SECTION 9.02. Continuing Nature of Provisions. Subject to the fifth sentence of this
Section 9.02, this Agreement shall continue to be effective, and shall not be revocable by any
party hereto, until the First Lien Obligations shall be Paid in Full. Notwithstanding the
foregoing, the Second Lien Representative, on behalf of itself and the Second Lien Secured Parties,
hereby waives any right it may have under applicable law to revoke this Agreement or any of the
provisions of this Agreement. The terms of this Agreement shall survive, and shall continue in
full force and effect, in any Insolvency Proceeding. All references to the Company or any other
Grantor shall include the Company or such Grantor as debtor and debtor-in-possession and any
receiver or trustee for the Company or any other Grantor (as the case may be) in any Insolvency
Proceeding. This Agreement shall terminate and be of no further force and effect, (i) with respect
to the Second Lien Representative, the Second Lien Secured Parties and the Second Lien Obligations,
upon the later of (1) the date upon which the obligations under the Second Lien Indenture terminate
if there are no other Second Lien Obligations outstanding on such date and (2) if there are other
Second Lien Obligations outstanding on such date, the date upon which such Second Lien Obligations
terminate and (ii) with respect to any First Lien Representative, any First Lien Secured Parties
and any First Lien Obligations, the date of notification by the Company to the Second Lien
Representative of termination of this Agreement after all such First Lien Obligations have been
Paid in Full, subject to the rights of the First Lien Secured Parties under Section 5.05 of this
Agreement. This is a continuing agreement and the First Lien Secured Parties and the Second Lien
Secured Parties may continue, at any time and without notice to
the other parties hereto, to extend credit and other financial accommodations, lend monies and
provide indebtedness to, or for the benefit of, Company or any other Grantor on the faith hereof.
SECTION 9.03. Amendments; Waivers. No amendment or modification of any of the
provisions of this Agreement shall be effective unless the same shall be in writing and signed by
the First Lien Representative, the Second Lien Representative and, only if the rights or duties of
any Grantor are directly affected thereby, such Grantor.
SECTION 9.04. Information Concerning Financial Condition of the Company and the other
Grantors. Each of the Second Lien Representative and the First Lien Representative hereby
assumes responsibility for keeping itself informed of the financial condition of the Company and
each of
21
the other Grantors and all other circumstances bearing upon the risk of nonpayment of the
First Lien Obligations or the Second Lien Obligations. Each of the Second Lien Representative and
the First Lien Representative hereby agrees that no party shall have any duty to advise any other
party of information known to it regarding such condition or any such circumstances. In the event
the Second Lien Representative or the First Lien Representative, in its sole discretion, undertakes
at any time or from time to time to provide any information to any other party to this Agreement,
it shall be under no obligation (a) to provide any such information to such other party or any
other party on any subsequent occasion, (b) to undertake any investigation not a part of its
regular business routine, or (c) to disclose any other information.
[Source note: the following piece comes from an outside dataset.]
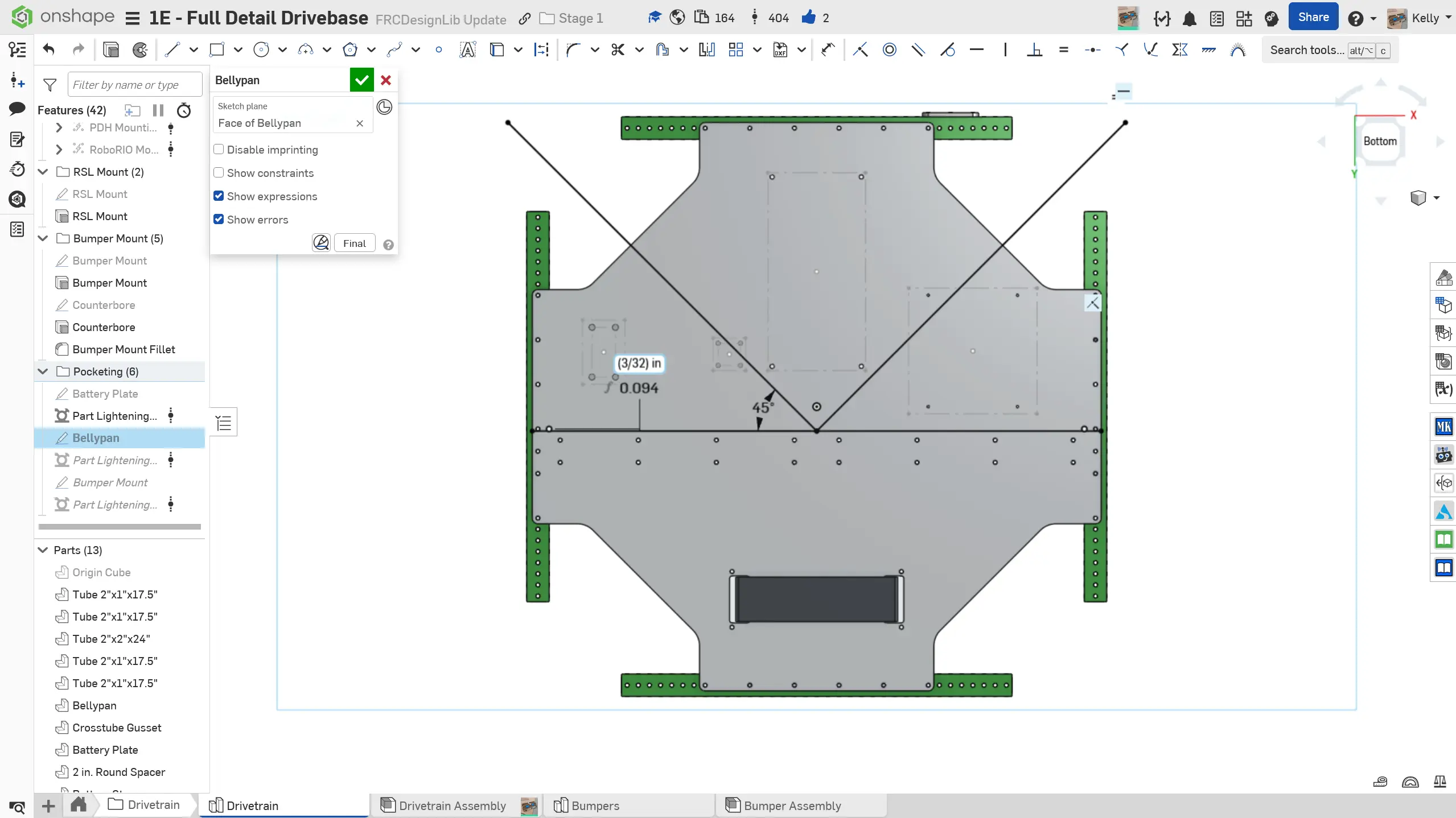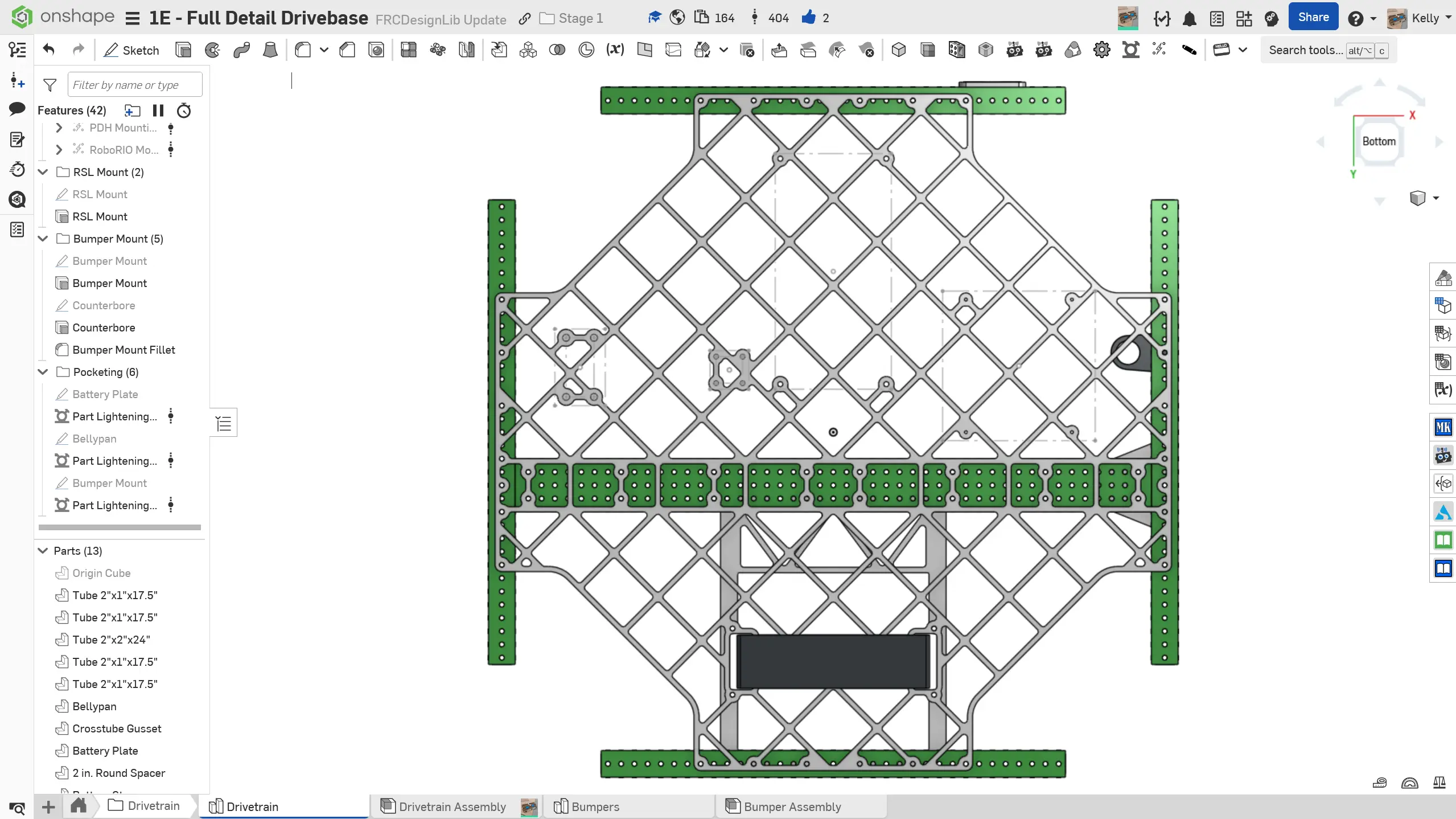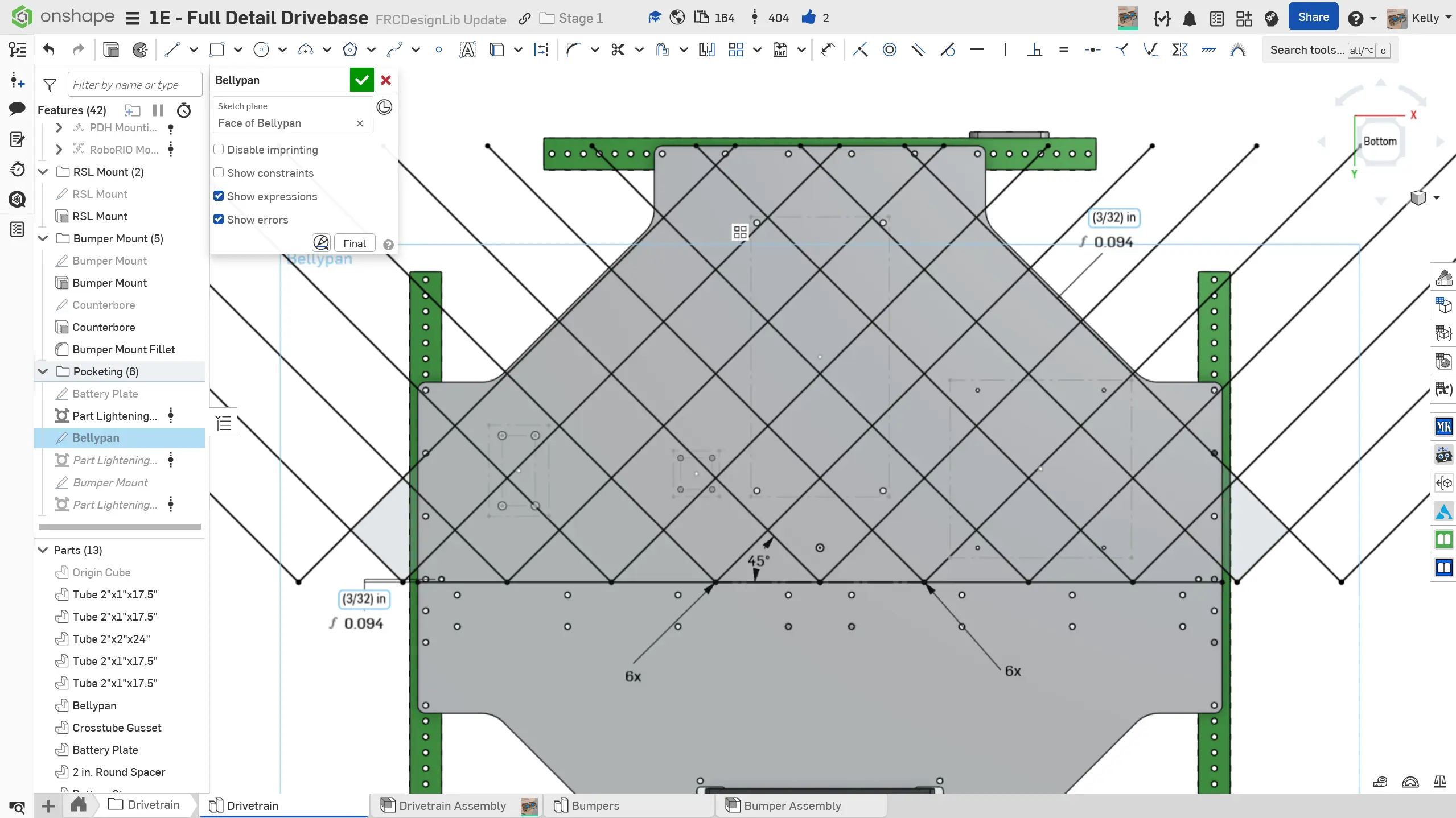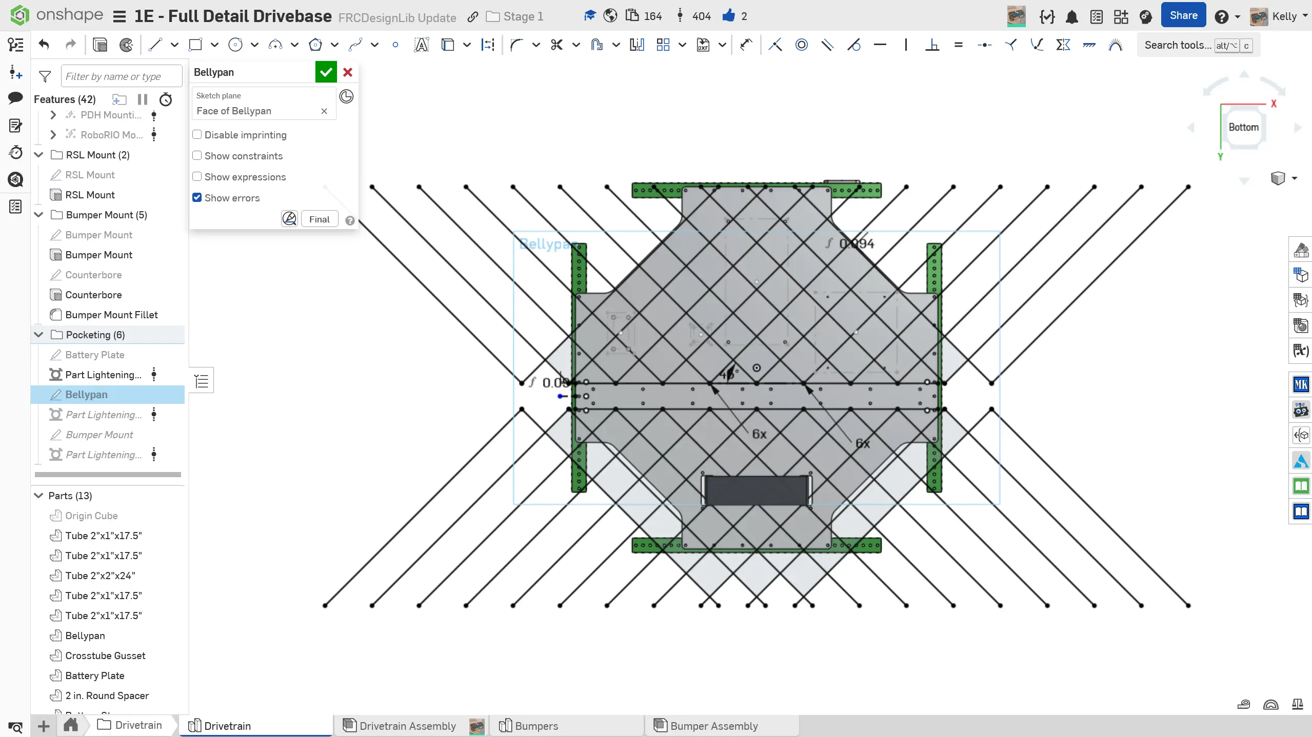 Eğer drivetrain'iniz için bellypan'ınızı pocketlemeyi seçerseniz, Part Lighten Featurescript kullanan slaytlardaki talimatları takip edebilirsiniz. Bellypan'ı pocketlemek için Vent veya Part Lighten Featurescripts'lerini de kullanabilirsiniz. Her Featurescript arasında iş akışı biraz farklı olsa da, genel fikir aynıdır. Güç ve kolay modelleme için elmas deseni önerilir.

SECTION 9.05. Governing Law. This Agreement shall be construed in accordance with
and governed by the laws of the State of New York.
SECTION 9.06. Submission to Jurisdiction. (a) Each party hereto hereby irrevocably
and unconditionally submits, for itself and its property, to the nonexclusive jurisdiction of the
Supreme Court of the State of New York sitting in New York County and of the United States District
Court of the Southern District of New York, and any appellate court from any thereof, in any action
or proceeding arising out of or relating to this Agreement, or for recognition or enforcement of
any judgment, and each of the parties hereto hereby irrevocably and unconditionally agrees that all
claims in respect of any such action or proceeding may be heard and determined in such New York
State or, to the extent permitted by law, in such Federal court. Each of the parties hereto agrees
that a final judgment in any such action or proceeding shall be conclusive and may be enforced in
other jurisdictions by suit on the judgment or in any other manner provided by law. Nothing in
this Agreement shall affect any right that any party may otherwise have to bring any action or
proceeding relating to this Agreement or any of the other First Lien Documents or Second Lien
Documents in the courts of any jurisdiction.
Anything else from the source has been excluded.